In a statement through his Senior Special Assistant on Public Communication, Phrank Shaibu, Atiku linked the finding to what he termed reckless fiscal management by the Tinubu administration. He said Nigeria's poor performance on nearly 90 percent of global prosperity indicators underscores the government's budgetary mismanagement.
"For more than three years, Nigerians have endured unrelenting hardship," Atiku said. He noted that citizens were promised economic stability through fuel subsidy removal, exchange rate unification, tax increases and rising tariffs, yet the government cannot account for how ₦210 billion entered duplicated budget lines.
The former vice president traced a troubling pattern of questionable budget practices, including allocations for projects beyond agencies' statutory roles and insertions worth billions of naira. He argued this fiscal indiscipline extends beyond mere duplication.
Atiku pointed to the Nigerian National Petroleum Corporation Limited's 2024 audited financial statements as evidence of deeper problems. The NNPC spent ₦7.13 trillion on "Energy Security Expenses"—what the corporation itself identifies as petrol subsidy—despite government claims that subsidy ended in 2023.

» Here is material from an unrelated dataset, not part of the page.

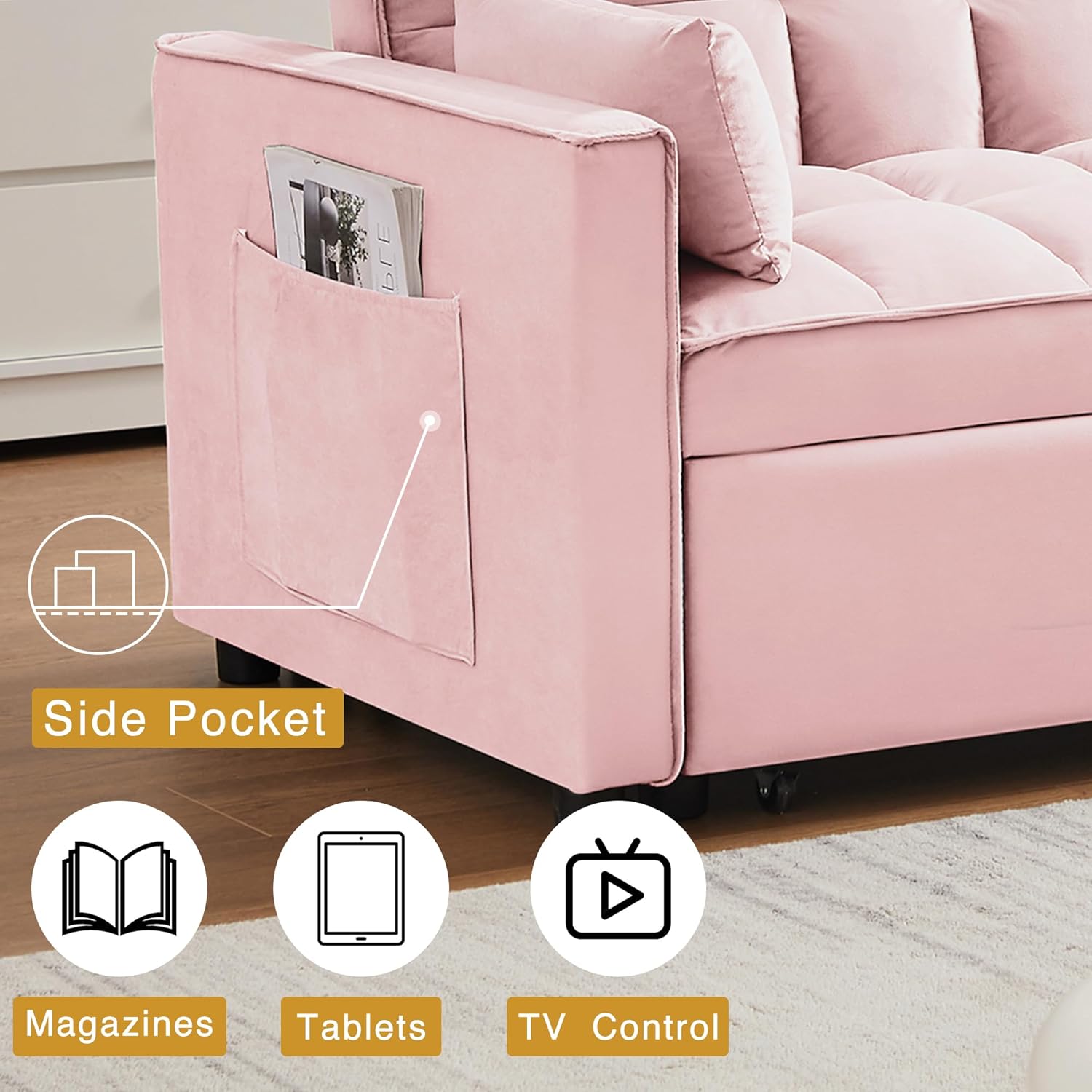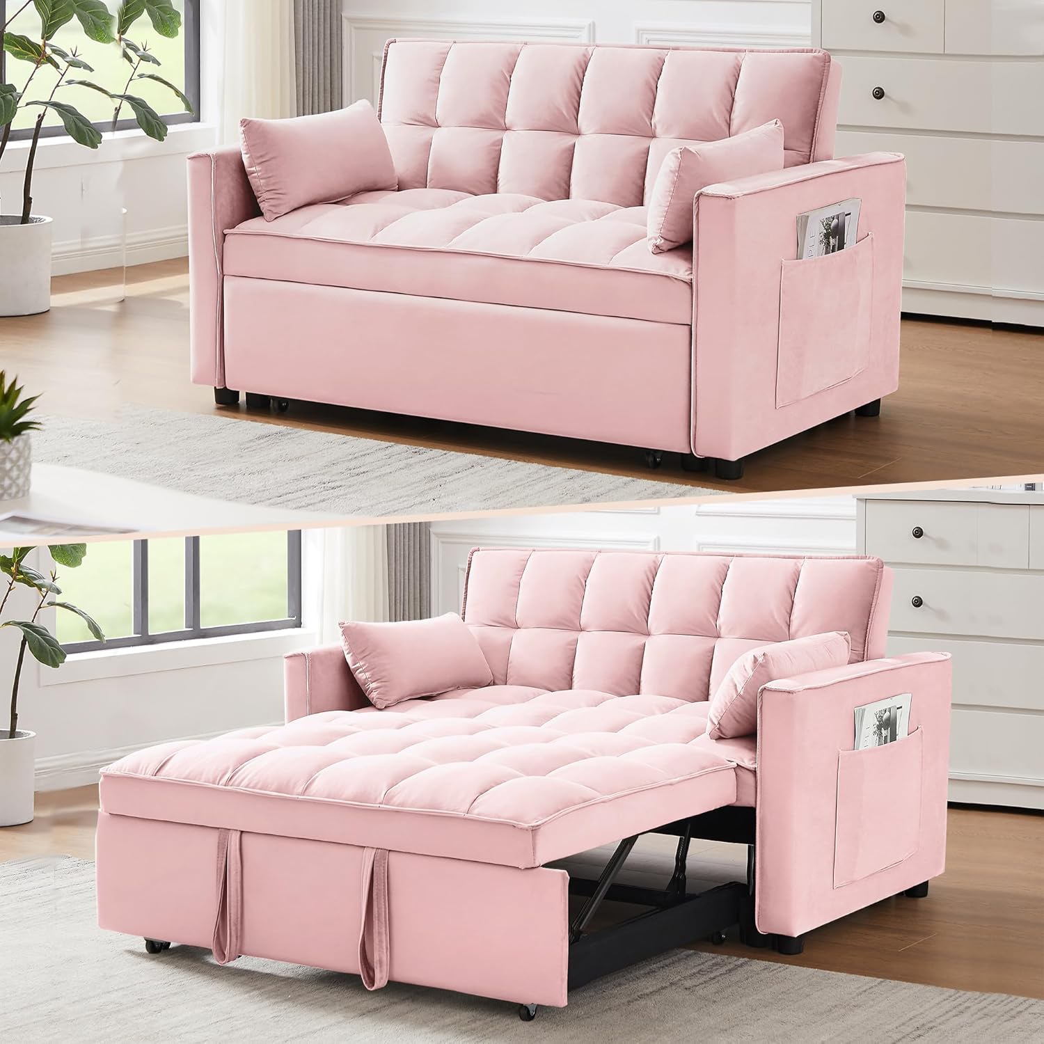 𝗖𝗼𝗻𝘃𝗲𝗿𝘁𝗶𝗯𝗹𝗲 𝗦𝗼𝗳𝗮 𝗕𝗲𝗱 : Pull the included handle and it slides out on its rollers to make loveseat sofa converts to sleeper bed easily, No matter what room it is, whether it is a large room or a small room, this is your best choice! The twin-sized sleeper bed can accommodate your overnight guests.

He connected this budgetary chaos to deteriorating living standards across Nigeria. Families skip meals, small businesses fold, and graduates cannot secure employment even as officials tout selective economic gains, he noted.
Atiku urged the Auditor-General of the Federation, anti-corruption agencies and civil society groups to independently probe the budget. He demanded identification of officials responsible for the duplications and recovery of all improperly appropriated funds.
An ADC administration would restore public finance credibility through transparent budgeting and zero-based expenditure planning, he pledged. Digital public expenditure tracking and strict accountability for public officers would anchor this approach.
"When the owner of the barn invites goats to keep watch over his harvest, he should not be surprised when hunger follows abundance," Atiku said. "Nigeria deserves custodians of her commonwealth, not caretakers of waste."